The game is free to download and to play, but it turns out, Candy Crush is a pretty sweet product. King Digital brought in more than half a billion dollars last year, $0.99 at a time.

I started playing Candy Crush last summer. For a couple months, I advanced from one level to the next… until I conquered level 35. Then, Candy Crush said I had to pay to get to level 36. I held out for six weeks, playing level 35 over and over again until I cracked.

“Everybody pays a dollar. I think that’s the point,” says Brian Blau, an analyst with Forrester Research. “There’s lots of different types of game mechanics that cause different pain points.”

Pain points are things like not being able to get to level 36, or having to wait.

You can play Candy Crush five times and then you have to wait half an hour to play again… unless you pay $0.99. Which I never did.

Except for a few times.

“Impatience is one of the game mechanics that the game developers will jump on,” says Blau.

Using our impatience or addiction to squeeze money out of us is nothing new.

“They employ psychologists the way casinos do,” says Rene Ritchie, editor in chief of iMore. “They do a lot of testing to see when users stop playing so they can optimize the game to make it a little easier to keep them on the game longer.

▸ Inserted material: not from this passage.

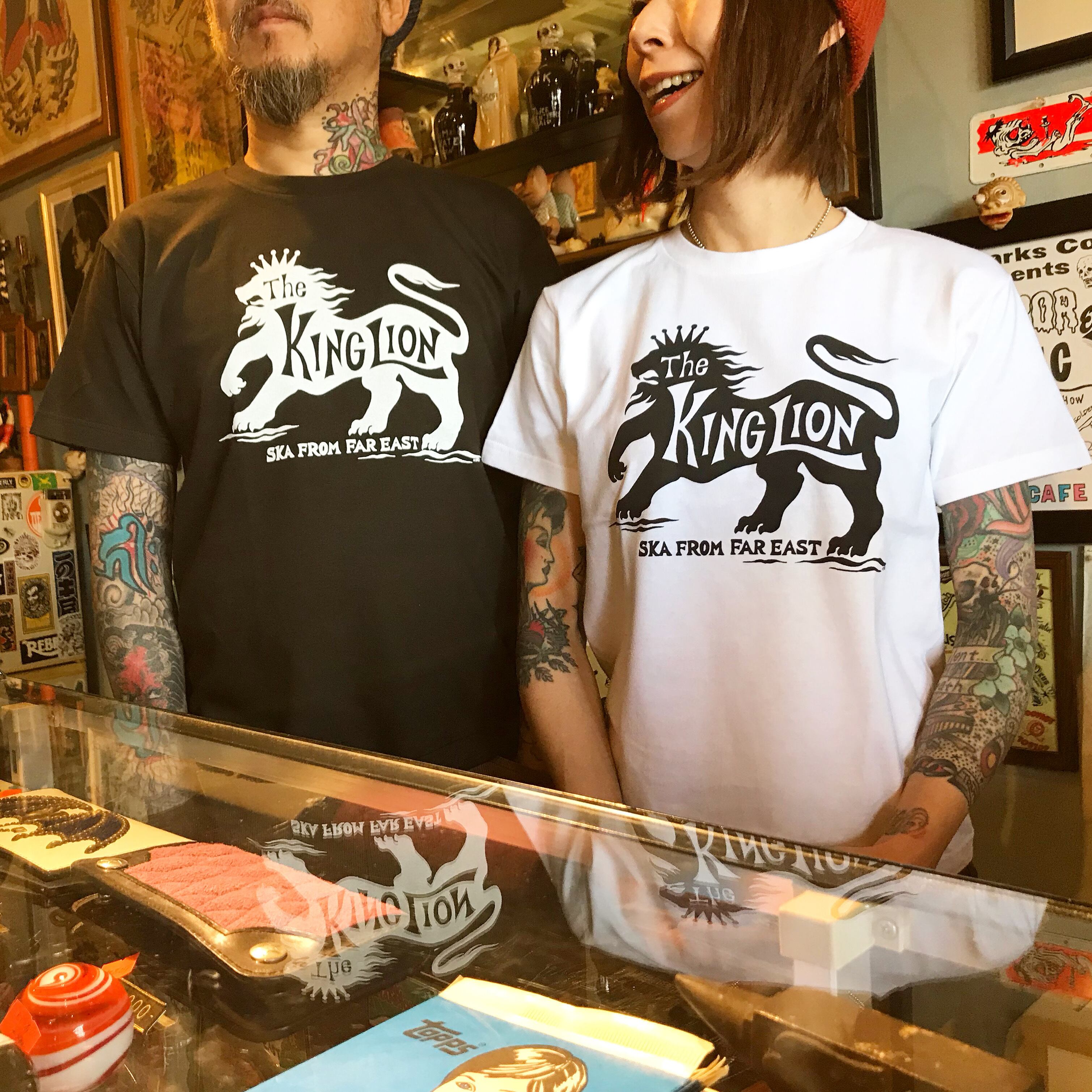 The KING LION 20周年記念Tシャツ(ブラック) 公式通販特典:ステッカー(非売品) ------------- 素材:綿100% ボディカラー:スモークブラック×ホワイト Design:Hiroyuki(COTTON PICKIN)

It’s a huge, casino style business for them.”

And just like casinos, the so-called “free-mium model” is built around whales: People who shell out hundreds of dollars in a weekend on their ‘free’ game of choice.

“I knew a person who went out and bought a new iPad and then spent $100 dollars the first day on Candy Crush,” says Ritchie, “because if he couldn’t get past the level after 2 or 3 tries, he would just pay to get past it.”

Still, Ritchie says relying on free-mium is tricky, because addictive hits like Candy Crush are rare, and people get tired of them. Ritchie says game-makers need to mix free-mium with other models to avoid getting… crushed.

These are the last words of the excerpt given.